### Task details
Would you repeat the whole listing exactly, pictures excluded?

### Dataset extract
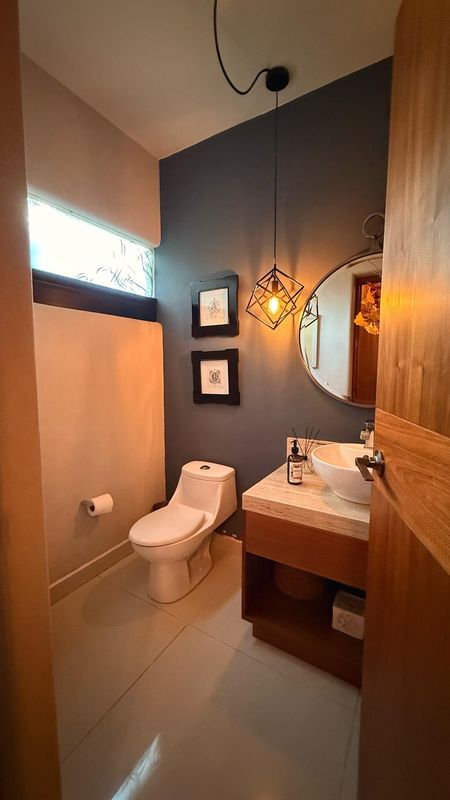 — Dos medios baños y regadera, integrados armónicamente con la vista del jardín.
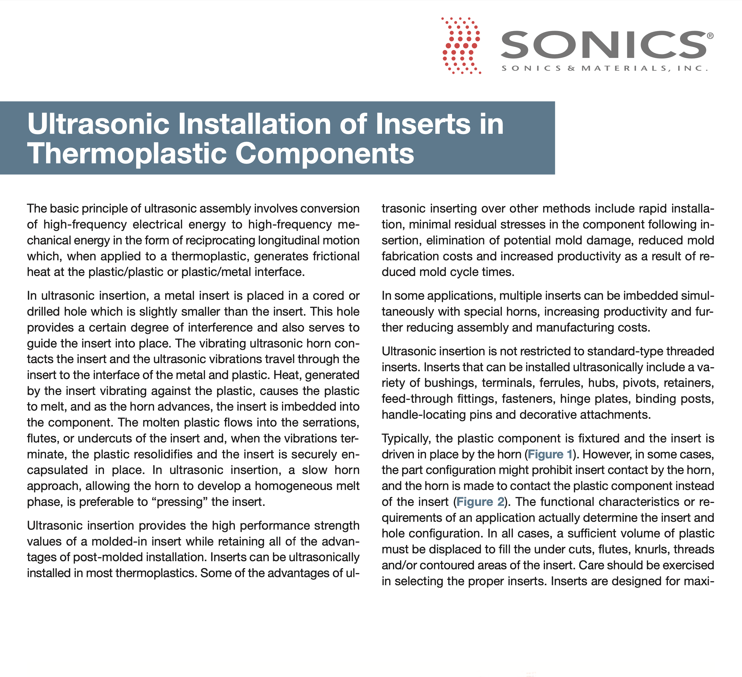 Ultrasonic Installation of Inserts in Thermoplastic Components
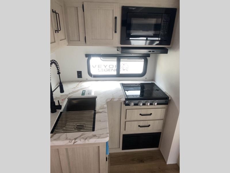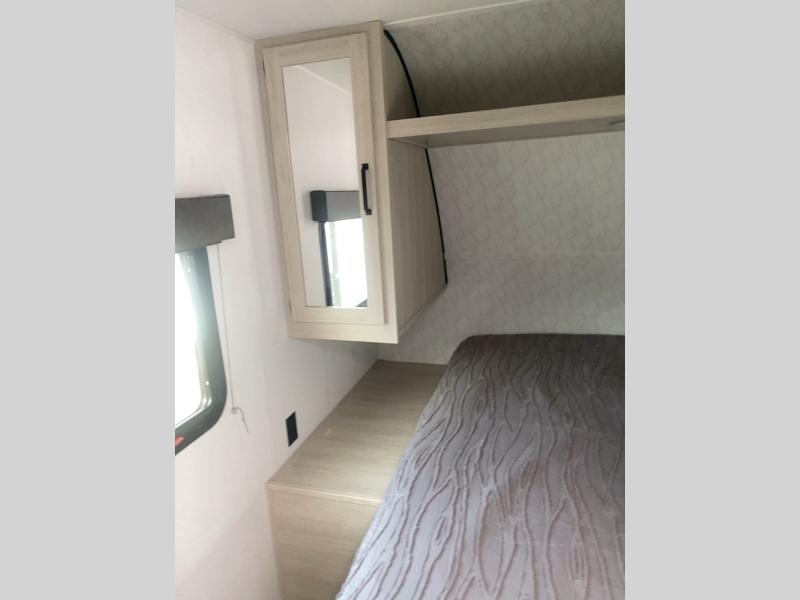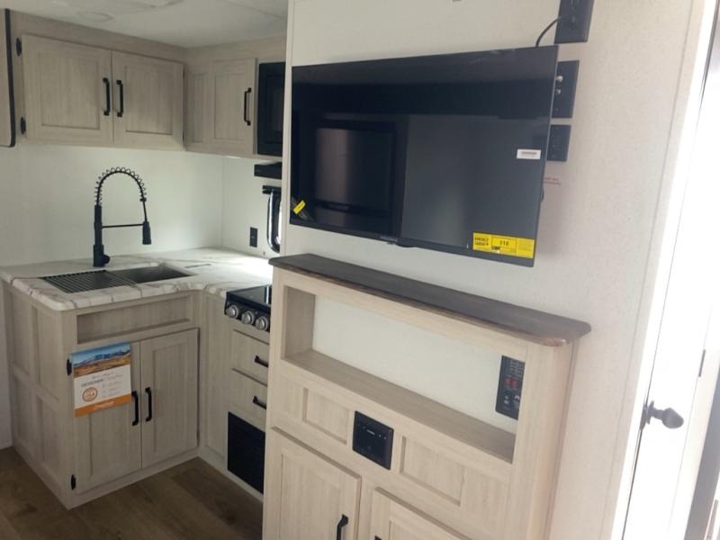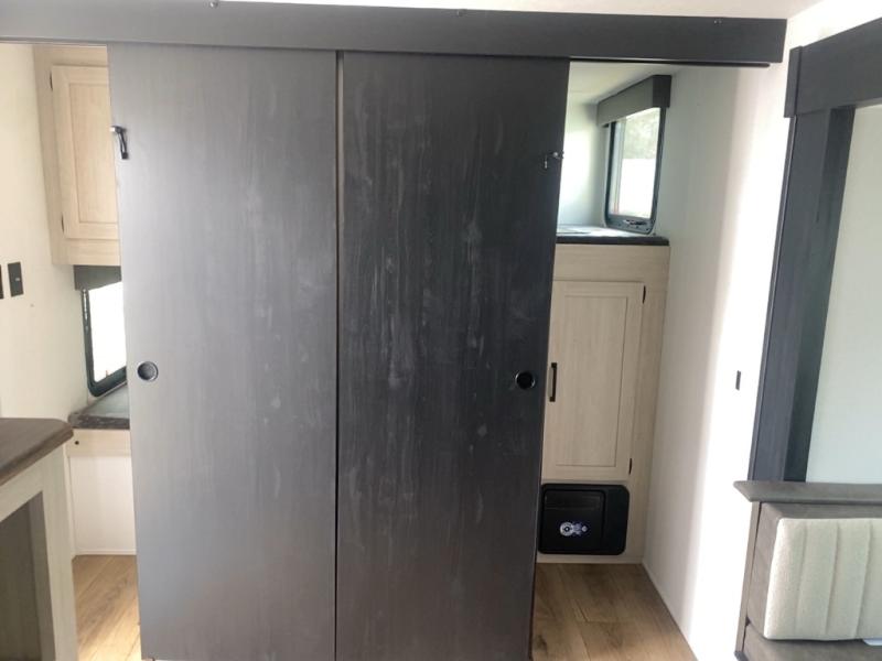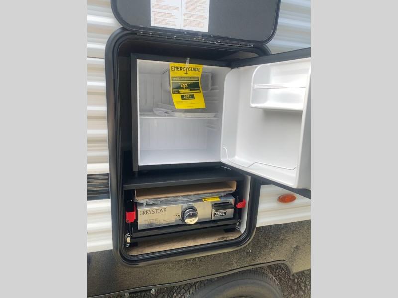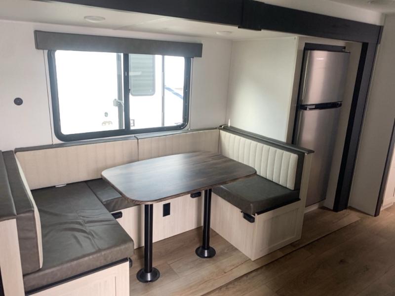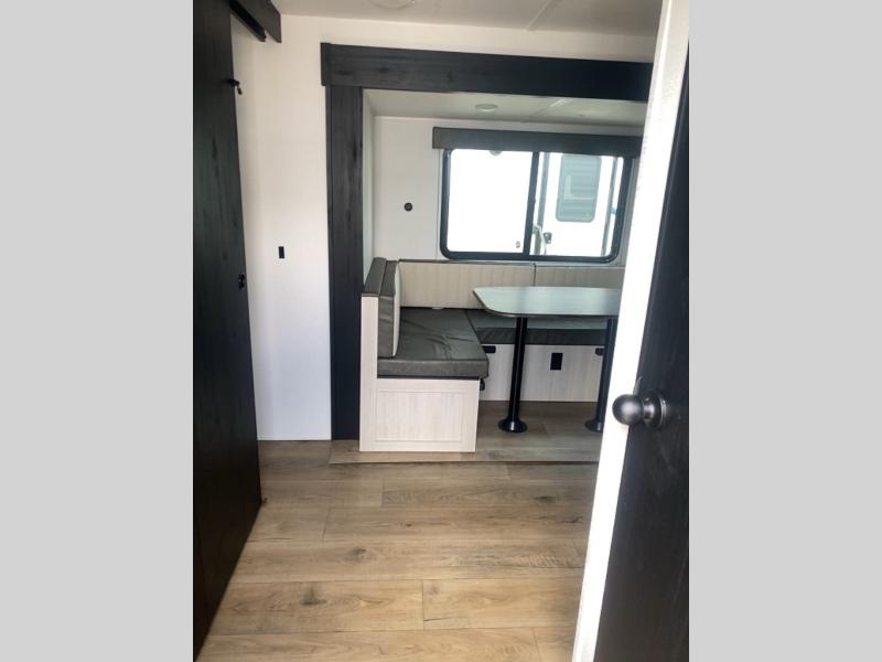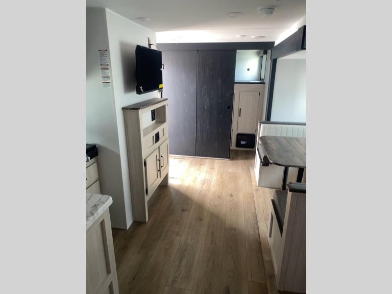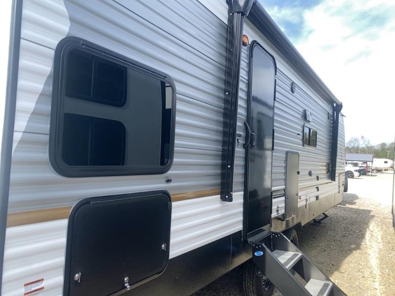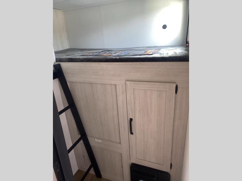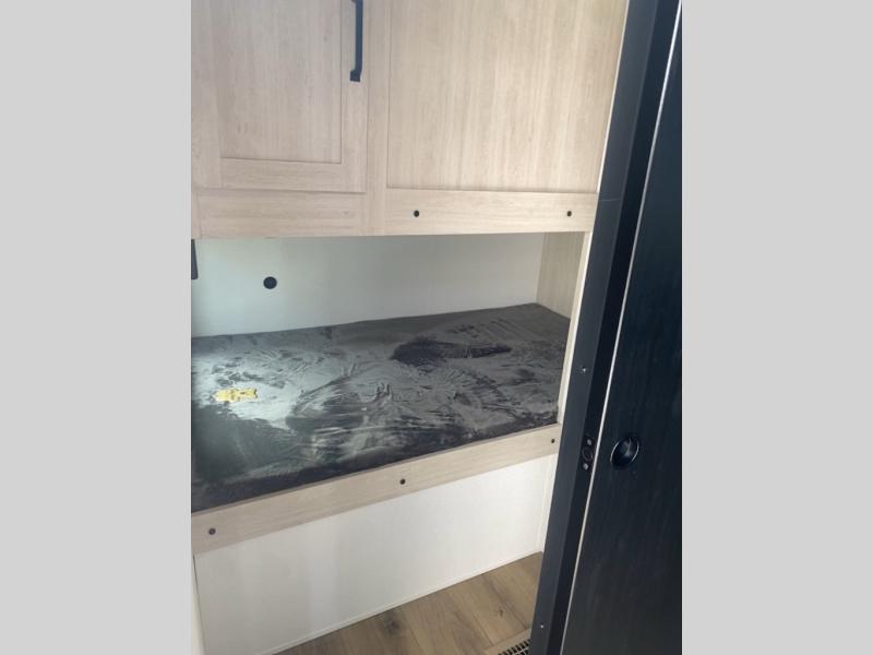 Your whole crew will love camping in this travel trailer since everyone can enjoy their own private space. The rear bunkhouses feature a private lower bunk room plus a private upper bunk room, each with their own door and a linen closet for storage space. The front master bedroom includes an RV queen bed, dual shirt closets, and easy access into the walk-thru bath. Head to the combined kitchen and living area to make dinner in the full kitchen, dine around the U-shaped dinette slide, and enjoy the fireplace! Outside, an optional micro kitchen with a grill can be added if you choose, and you'll find outside storage compartments to keep all your gear secure!

### Expected answer
 — Dos medios baños y regadera, integrados armónicamente con la vista del jardín.
 Ultrasonic Installation of Inserts in Thermoplastic Components
 Your whole crew will love camping in this travel trailer since everyone can enjoy their own private space. The rear bunkhouses feature a private lower bunk room plus a private upper bunk room, each with their own door and a linen closet for storage space. The front master bedroom includes an RV queen bed, dual shirt closets, and easy access into the walk-thru bath. Head to the combined kitchen and living area to make dinner in the full kitchen, dine around the U-shaped dinette slide, and enjoy the fireplace! Outside, an optional micro kitchen with a grill can be added if you choose, and you'll find outside storage compartments to keep all your gear secure!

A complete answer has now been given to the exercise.